DATA -
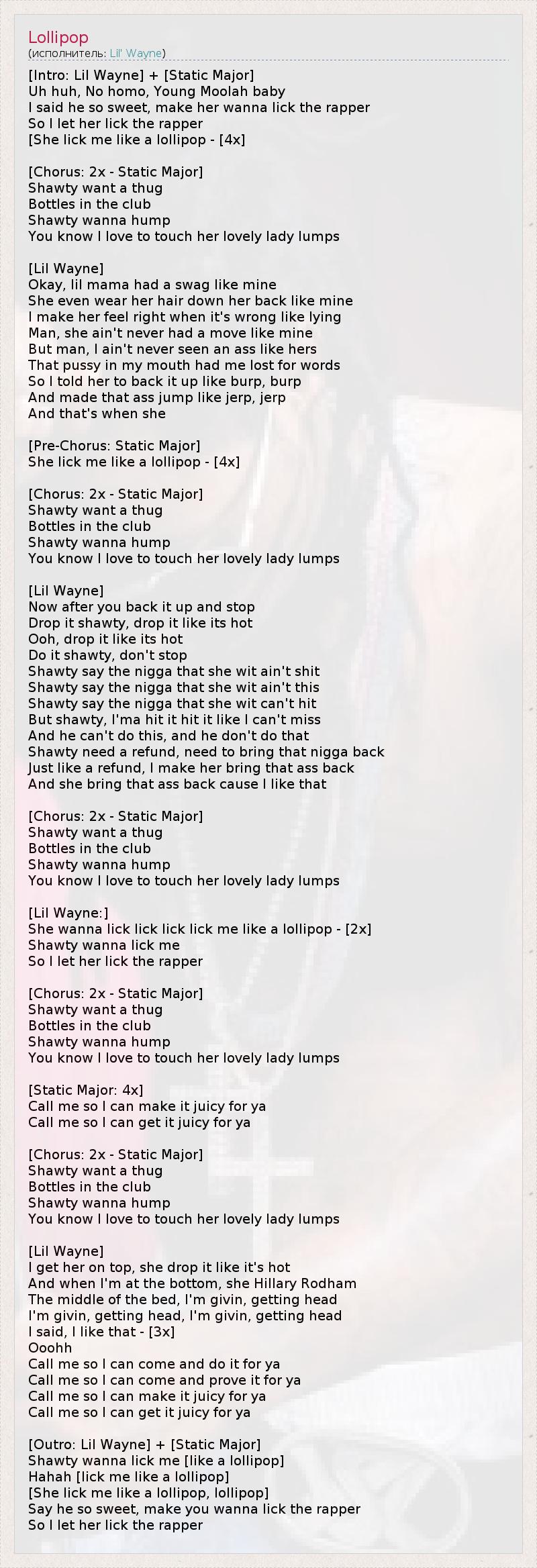 She wanna lick lick lick lick me like a lollipop - [2x]
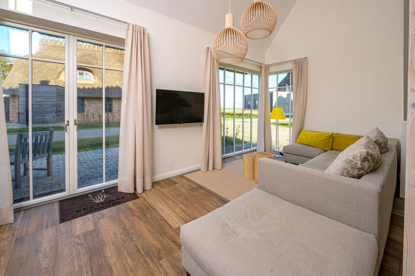 Im Winter genießen Sie den Komfort der Fußbodenheizung, die im Sommer auf Thermische Kühlung umschaltet. Dies ist auch durch ökologisch effiziente Wärmepumpen gewährleistet. Durch selbst produzierten Strom aus Wind – und Sonnenenergie ist das gesamte Reetdorf jetzt schon CO2 neutral.
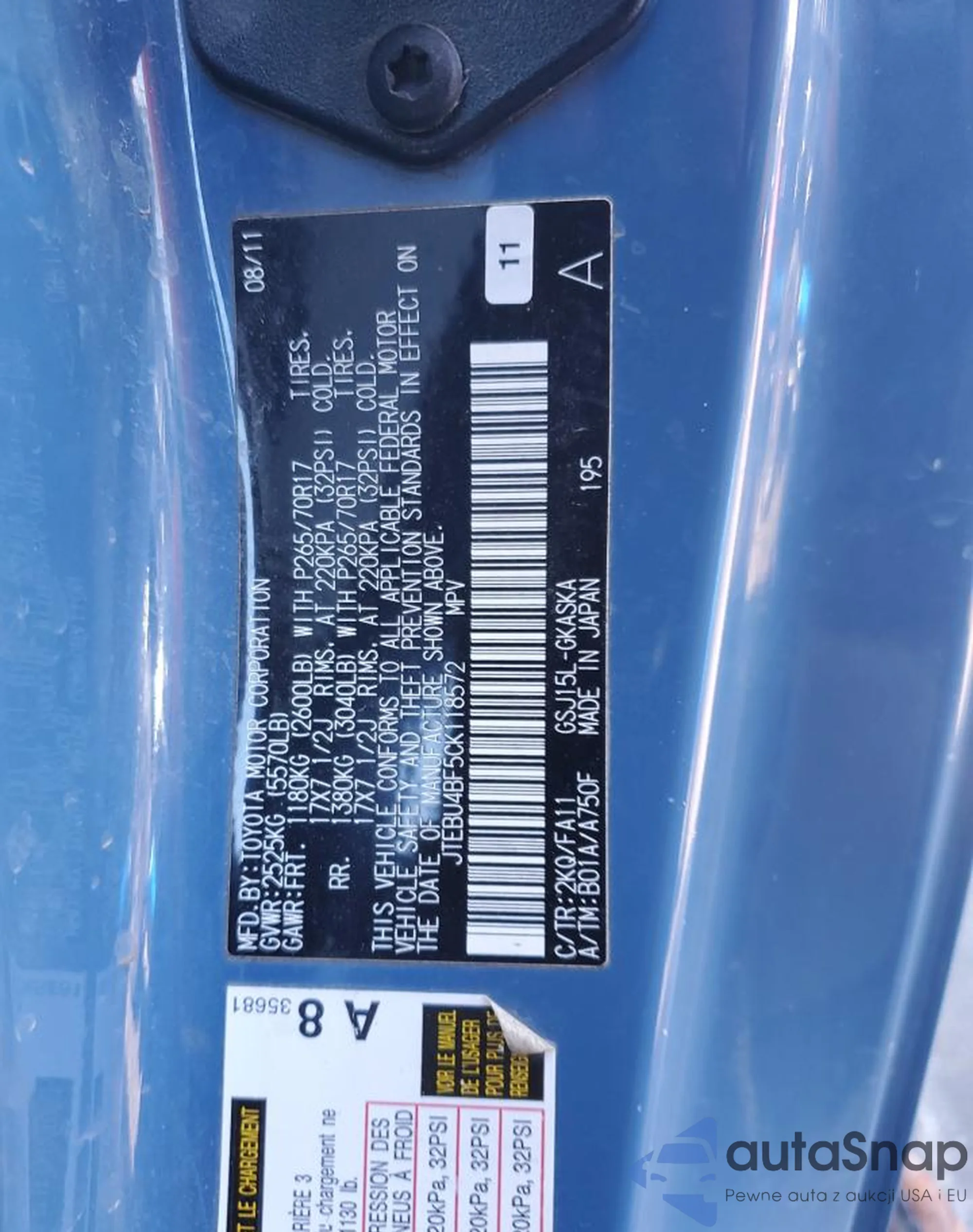 LOT: 91430655 VIN: JTEBU4BF5CK118572

PROBLEM - Drop the pictures and reproduce the rest of the data exactly.

TASK SOLUTION -
 She wanna lick lick lick lick me like a lollipop - [2x]
 Im Winter genießen Sie den Komfort der Fußbodenheizung, die im Sommer auf Thermische Kühlung umschaltet. Dies ist auch durch ökologisch effiziente Wärmepumpen gewährleistet. Durch selbst produzierten Strom aus Wind – und Sonnenenergie ist das gesamte Reetdorf jetzt schon CO2 neutral.
 LOT: 91430655 VIN: JTEBU4BF5CK118572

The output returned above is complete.